Starting in 1958, Masonic lodges and community groups met there.
Freemasonry is the oldest fraternal organization in the world.
Established by medieval guilds of stone masons, the group emphasizes high moral conduct, charity, self-improvement and fellowship. The men-only membership wore formal wear and regalia and conducted arcane rites surrounded by secrecy. Women joined auxiliaries like the Order of the Eastern Star. Freemasonry practices have coexisted, even integrated, with Christian traditions.
The group didn’t admit Black people.

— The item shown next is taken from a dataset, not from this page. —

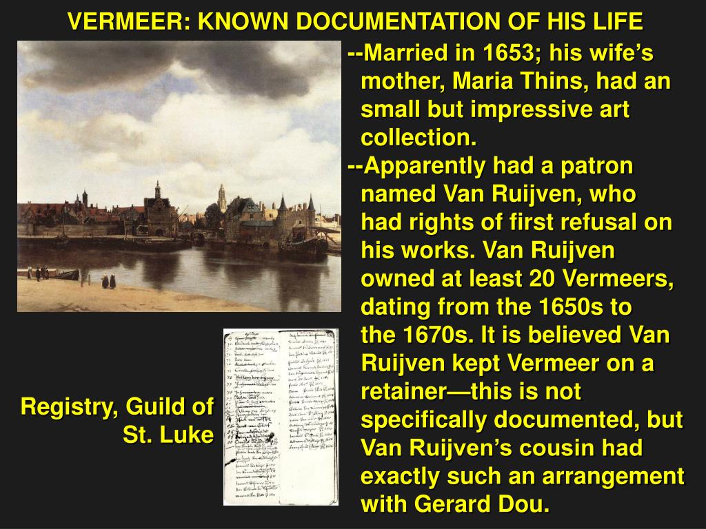 VERMEER: KNOWN DOCUMENTATION OF HIS LIFE --Married in 1653; his wife’s mother, Maria Thins, had an small but impressive art collection. --Apparently had a patron named Van Ruijven, who had rights of first refusal on his works. Van Ruijven owned at least 20 Vermeers, dating from the 1650s to the 1670s. It is believed Van Ruijven kept Vermeer on a retainer—this is not specifically documented, but Van Ruijven’s cousin had exactly such an arrangement with Gerard Dou. Registry, Guild of St. Luke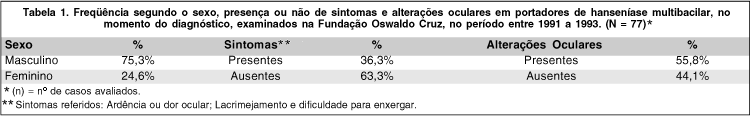 O estudo foi realizado no Centro de Referência Nacional em Hanseníase do Instituto Oswaldo Cruz e no Centro de Referência em Infecção Oftalmológica do Hospital Evandro Chagas, ambos da Fundação Oswaldo Cruz (Rio de Janeiro). A rotina da Unidade Assistencial aos hansenianos inclui, entre outros, o exame oftalmológico no momento do diagnóstico. Foram selecionados 77 casos, classificados como multibacilares e que não tinham sido submetidos a nenhum tratamento específico prévio. O exame oftalmológico foi realizado no período entre 1991 a 1993 por médico oftalmologista utilizando a padronização do exame clínico sugerido pela OMS 8.

A free Black minister named Prince Hall and 14 others were turned away by a lodge in Boston but petitioned to enter a lodge in Ireland, gaining admittance in 1775. Once they were sanctioned by British lodges, Hall formed the first “African Lodge” in America and the concept spread slowly, with a mix of rejection and acceptance by the many different officiating bodies and splinter groups representing Freemasonry.
Groups of “Prince Hall Masons” first appeared in Washington state around 1870 as Americans moved westward.
In 1910, The Spokesman-Review recounts the state’s Black Masons meeting in Spokane for a formal ball at the Elks Club. Except for several women who were married to members, white people were not allowed into those events.
Masonry is no longer segregated, but Prince Hall groups still gather to carry on the social and cultural traditions from more than two centuries in existence.
Five different Masonic groups used the Prince Hall Masonic building in East Central. The NAACP and others also used the meeting hall, conference room and kitchen. The building housed a senior meal site called the Edison Community Friendship Center starting around 1975.
With financial assistance from other Masonic groups, contractor Clarence T. Freeman remodeled the building in 1972. An engraved plaque on the building marks the renovation.
Even as more than 300 Prince Hall Masons from around the region gathered in Spokane for a glittering ball at the Ridpath Hotel in 1998, local lodges were dwindling and closing in the early 2000s and the building was sold.